Recipe: Chicken Tortilla Soup
Now it’s officially stew season, and I’m bringing out all the winter recipes–potato leek soup, beef daube, bouillabaisse, Brunswick stew, and this recipe, chicken tortilla soup. It’s a flexible dish–you can tweak amounts with relative impunity, and cut the cooking time by two-thirds if you cook it on the stove. It also keeps well, actually tasting better the next day.

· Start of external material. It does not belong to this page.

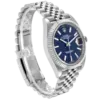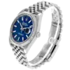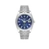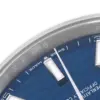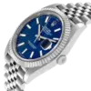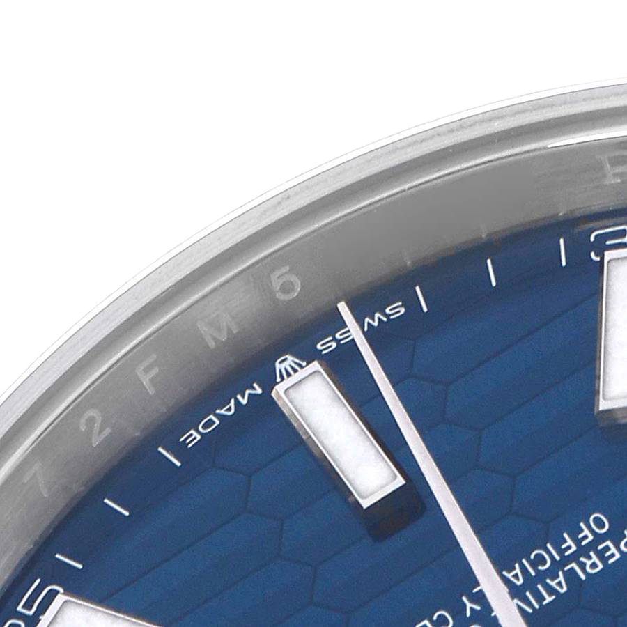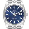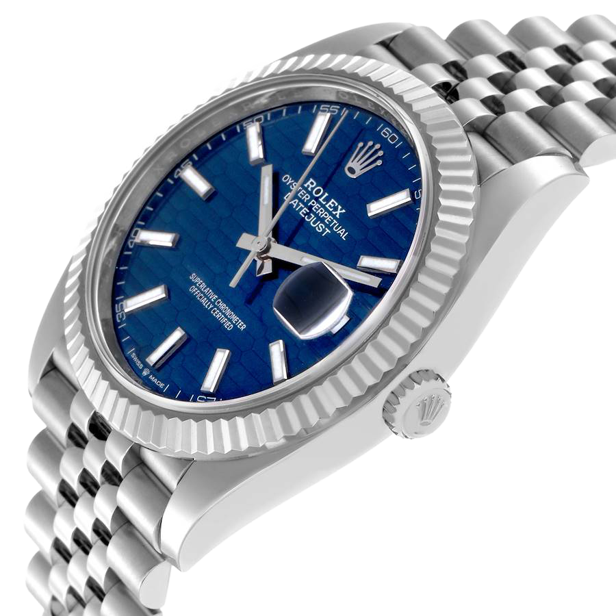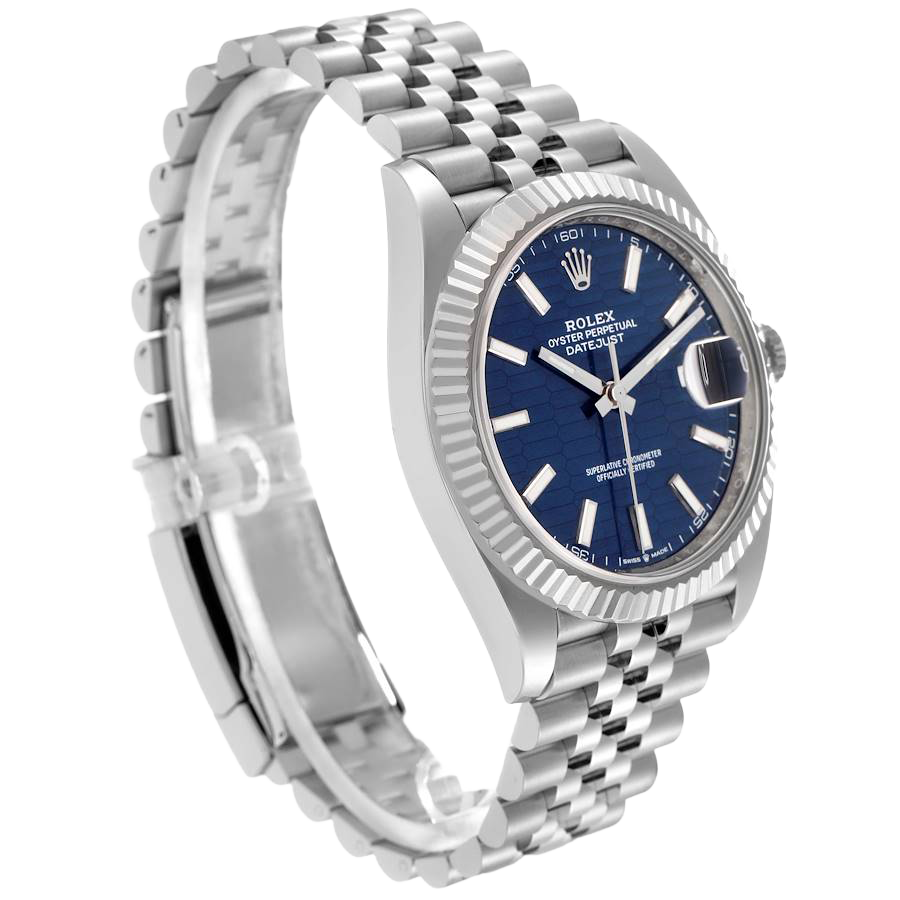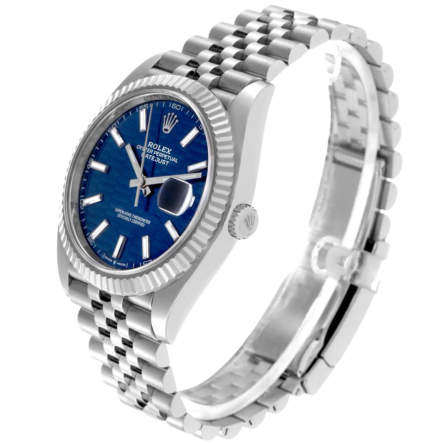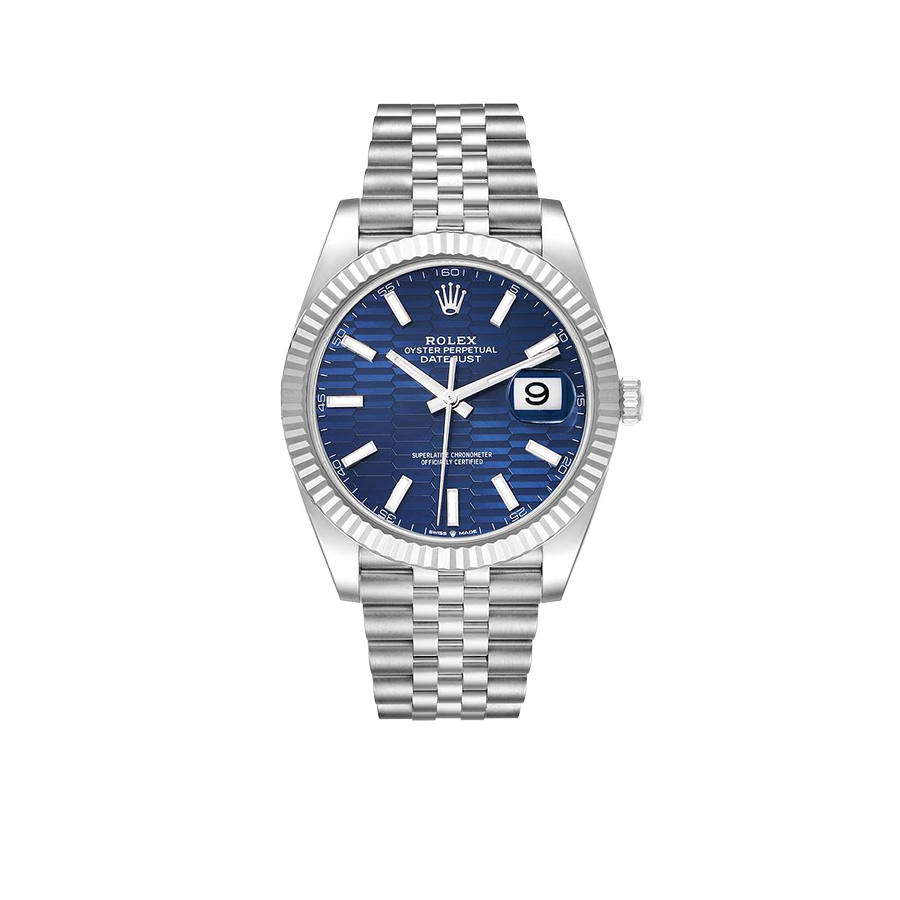 Dial: Blue fluted motif dial with luminescent-inlayed baton hour markers and white gold hands. Minute marker track around the outer rim. Date calendar window at the 3 o’clock aperture.

Keep in mind that there are many versions of tortilla soup–some recipes tell you to cook the chicken separately, and then ladle the broth on top of the chicken; some go for a thicker, more concentrated broth and fewer spices, adding lime juice for the necessary kick. Some are cream-based, and there are even vegan versions. My point is, play around with ingredients until you find the right fit.
Chicken Tortilla Soup
20-22 oz boneless, skinless chicken breast, cut into 1″ cubes
32 oz box of chicken broth
2 cans corn
1 (11 oz) can diced tomatoes
1 (10 oz) can diced tomatoes with green chiles (Rotel)
1 large onion, cut into wedges
2 garlic cloves, crushed
1 bay leaf
2 tsp cumin
1 tsp chili powder
1 tsp salt
1/8 tsp cayenne pepper
1/8 tsp black pepper
Place all ingredients in a crock pot. Turn on high, and cook 6 hours. Serve with tortilla chips and cilantro (other versions also suggest garnishing with avocado, lime, and/or cheese).
Recipe: Tomato Confit
Tomato confit, or roasted tomatoes, is a beloved classic. Versions abound, from Alain Ducasse’s to Emeril’s favorite, by Daniel Boulud.
The secret is in a) the quality of the ingredients, and b) the slow roasting. Roasting tomatoes does wonders for their flavor, simultaneously intensifying and softening it until, well, magic.
The following recipe is adapted from Simple to Spectacular, by Jean-Georges Vongerichten and Mark Bittman. Serves 4 to 6.
12 plum tomatoes, ripe but not mushy*
1/3 cup extra-virgin olive oil
6 garlic cloves, minced*
1 tbsp dried thyme*
1 1/3 tsp coarse salt*
1. Preheat oven to 275 degrees F.
2. Cut out tomato core and cut an X into the smooth end. Drop tomatoes in boiling water for about 15-20 seconds, or until the skin loosens, then transfer to a bowl of ice water. Peel tomatoes, cut in half lengthwise, then scoop out seeds and pulp.
3. Line a baking sheet with aluminum foil, and place tomatoes cut side down onto sheet. Cover tomatoes with olive oil, then sprinkle evenly with the garlic, thyme and salt.
4. Place in oven and cook for two hours or more, turning both the tomatoes and the baking sheet every 30 minutes. Serve with French bread.
*original recipe calls for 12 plum tomatoes OR 6 large tomatoes, 6 cloves of garlic, peeled and lightly crushed, 6 sprigs thyme, and 1 tsp coarse salt.